Abstract

Exposure to ionizing radiation, a physical treatment that inactivates live tumor cells, has been extensively applied to enhance the antitumor responses induced by cancer cell vaccines in both animal research and human clinical trials. However, the mechanisms by which irradiated cells function as immunogenic tumor vaccines and induce effective antitumor responses have not been fully explored. Here, we demonstrate that oxidized mitochondrial DNA (mtDNA) and stimulator of interferon genes (STING) signaling play a key roles in the enhanced antitumor effect achieved with an irradiated tumor cell vaccine. Elevations in ROS and oxidized mtDNA 8-OHG content could be induced in irradiated tumor cells. Oxidized mtDNA derived from irradiated tumor cells gained access to the cytosol of dendritic cells (DCs). Oxidized mtDNA, as a DAMP or adjuvant, activated the STING-TBK1-IRF3-IFN-β pathway in DCs, which subsequently cross-presented irradiated tumor cell-derived antigens to CD8+ T cells and elicited antitumor immunity.
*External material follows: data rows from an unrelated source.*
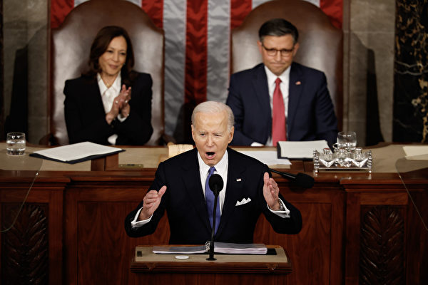 3月7日晚,拜登在美国国会发表国情咨文,他说,许多人声称“中国(中共)正在崛起,美国正在衰落,但是他们错了……美国正在崛起。我们拥有世界上最好的经济。”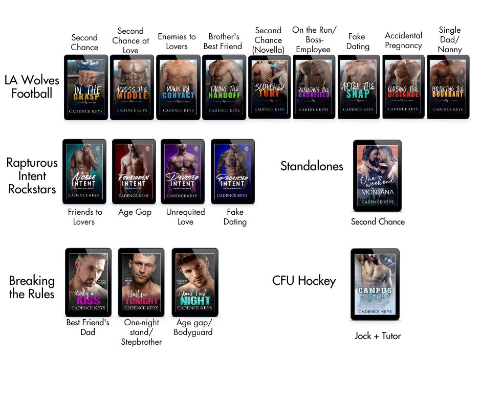 Hey, I’m Cadence, your friendly, neighborhood romance writer. By day, I look like an average frazzled mom of two toddlers who rarely does her hair (a mom bun totally counts, right?). By night, I let my imagination fly and write steamy scenes that have taken several of my closest friends by major surprise. I love writing heartfelt stories with relatable characters and a guaranteed happily ever after. Thanks for checking out my books!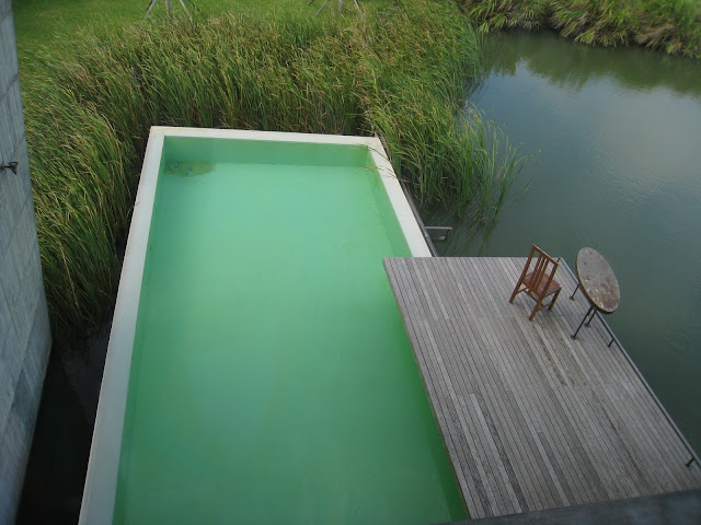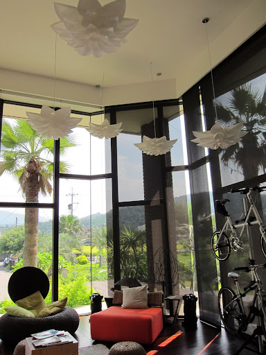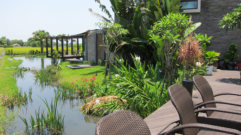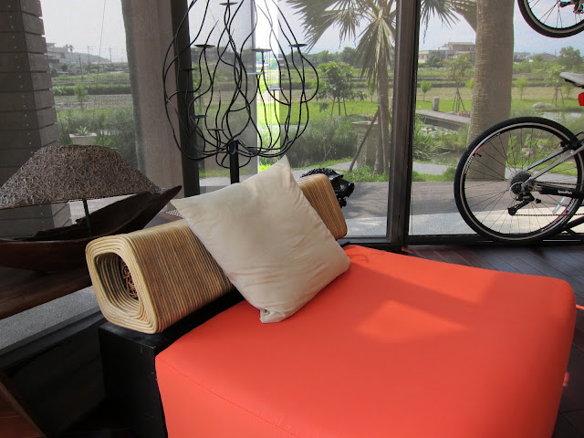 是看到漂亮的玻璃屋的照片被吸引過去的。住在頂樓的玻璃屋,的確會很熱,要開著強力的空調,感覺對北極熊不太友善 > <。還好我預知了玻璃屋遮光一定不會很好,自備了眼罩,所以就很好睡囉。:) 窗外就是七月的蘭陽平原,鋪著閃閃發光的金黃色地毯,是最好的裝飾。配早餐的風景是窗外金黃色的稻田,排排站應該也在吃早餐的白鷺鷥,水池裡的睡蓮,以及在睡蓮葉上跳來跳去的活潑水鳥。
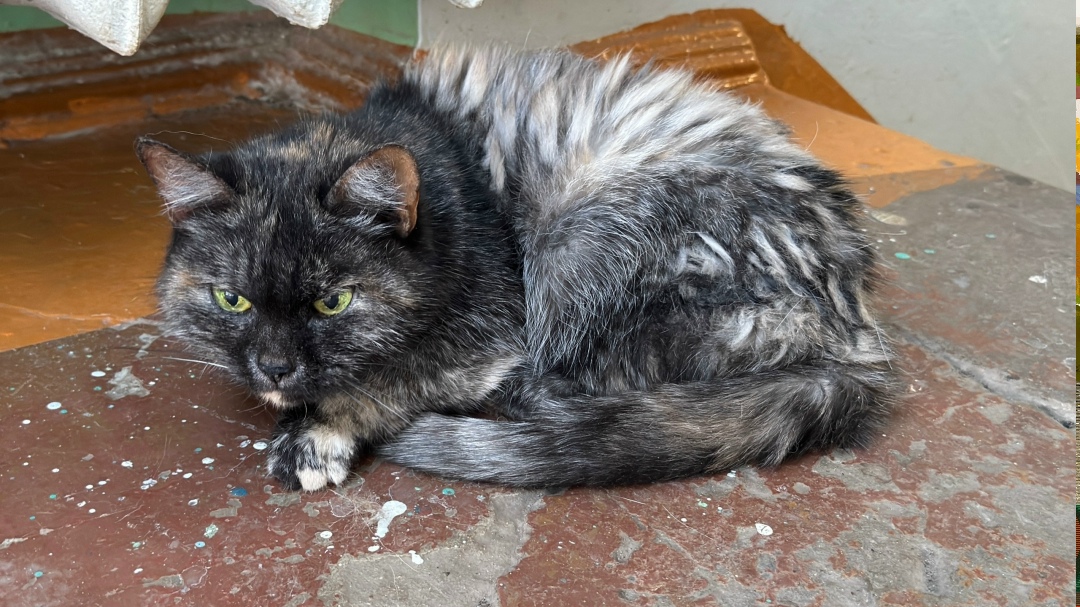 В подъезде октябрьский проспект 102 найдена трехцветная кошка. Вся в колтунах, но людей, собак, кошек не боится. Из рук ест и гладить себя дает, мурчит. Возможно бывшедомашняя.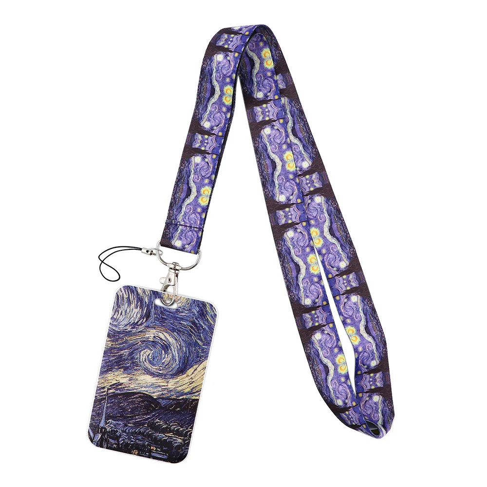 YL135 Van Gogh шнурки для ключей с изображением звездной ночи, бейдж Для кредитных карт, брелок для ключей, Студенческая Женская дорожная сумка для банковских карт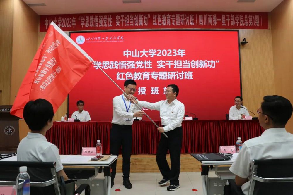 隨后,高松校長為此次培訓班授班旗,培訓班班長、中山大學附屬第一醫(yī)院副院長張弩代表班級接受班旗并鄭重表態(tài),將以端正的學習態(tài)度、嚴明的紀律要求、積極的好學之心,帶著問題、帶著思考、帶著責任認真學,真正做到學有所思、學有所悟、學有所獲。

The results of our study provide insight into the mechanism by which an irradiated cell vaccine mediates antitumor immunity, which may have implications for new strategies to improve the efficacy of irradiated vaccines.

Highlights

  • As a form of immunotherapy, cancer vaccines have demonstrated objective therapeutic benefits in several randomized clinical trials.[1,2] The activation of tumor-specific immune effects by cancer vaccines, whole-tumor cell vaccines that contain all potential tumor antigens, represents a promising approach for cancer therapy.[3]

  • We demonstrate that elevations in reactive oxygen species (ROS) and oxidized mitochondrial DNA (mtDNA) 8-OHG content can be induced in irradiated tumor cells, which are subsequently engulfed by dendritic cells (DCs)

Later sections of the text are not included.